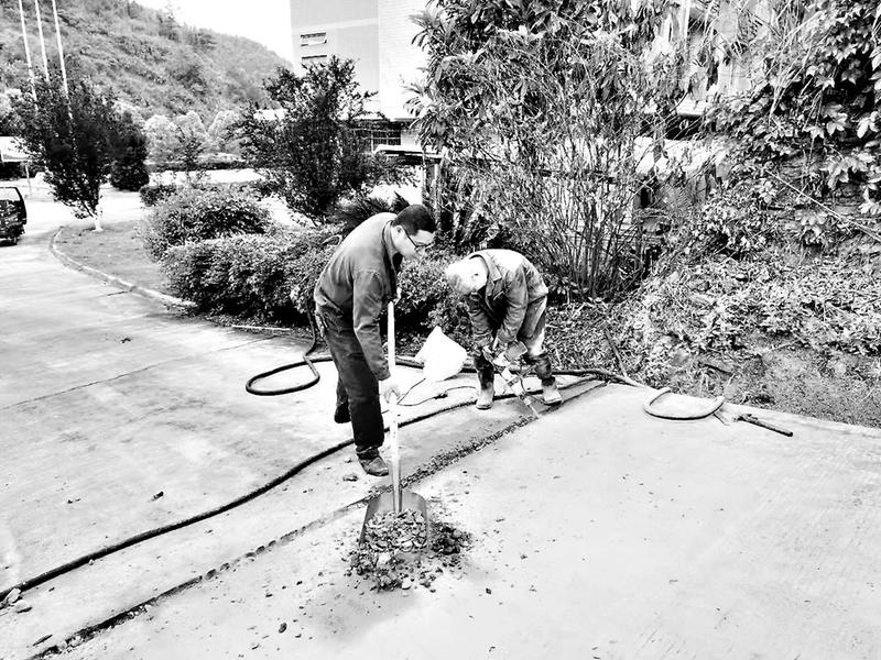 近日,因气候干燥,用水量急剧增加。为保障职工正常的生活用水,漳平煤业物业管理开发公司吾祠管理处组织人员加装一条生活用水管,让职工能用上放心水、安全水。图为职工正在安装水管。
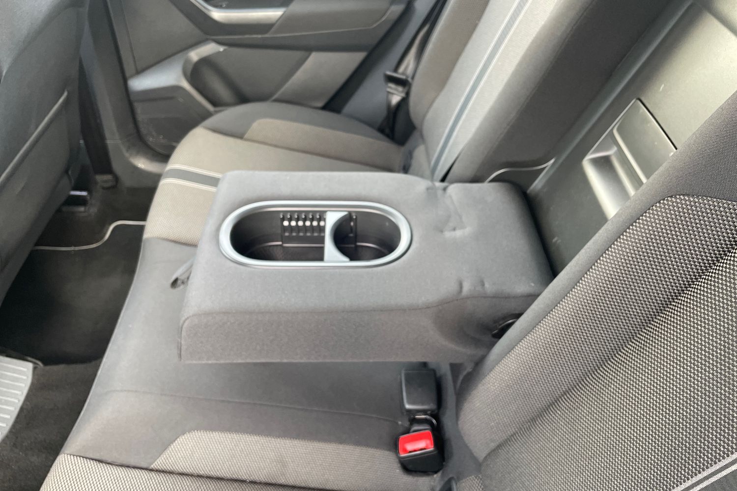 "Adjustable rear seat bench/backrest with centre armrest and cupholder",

--

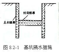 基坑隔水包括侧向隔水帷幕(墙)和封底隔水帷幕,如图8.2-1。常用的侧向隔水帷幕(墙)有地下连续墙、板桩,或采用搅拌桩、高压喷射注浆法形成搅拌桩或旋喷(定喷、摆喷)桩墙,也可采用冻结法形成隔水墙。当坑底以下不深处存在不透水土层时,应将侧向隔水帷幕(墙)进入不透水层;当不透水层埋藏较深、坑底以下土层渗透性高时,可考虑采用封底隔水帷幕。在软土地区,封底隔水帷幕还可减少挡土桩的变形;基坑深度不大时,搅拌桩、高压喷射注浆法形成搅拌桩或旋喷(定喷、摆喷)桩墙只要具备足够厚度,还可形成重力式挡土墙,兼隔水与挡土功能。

(ACTION ITEM):
Repeat exactly the lines above, beginning at the one containing "近日,因气候干燥,用水量急剧" and ending at the one containing "rear seat bench/backrest". Do not carry over any pictures.

(WRITTEN RESPONSE):
 近日,因气候干燥,用水量急剧增加。为保障职工正常的生活用水,漳平煤业物业管理开发公司吾祠管理处组织人员加装一条生活用水管,让职工能用上放心水、安全水。图为职工正在安装水管。
 "Adjustable rear seat bench/backrest with centre armrest and cupholder",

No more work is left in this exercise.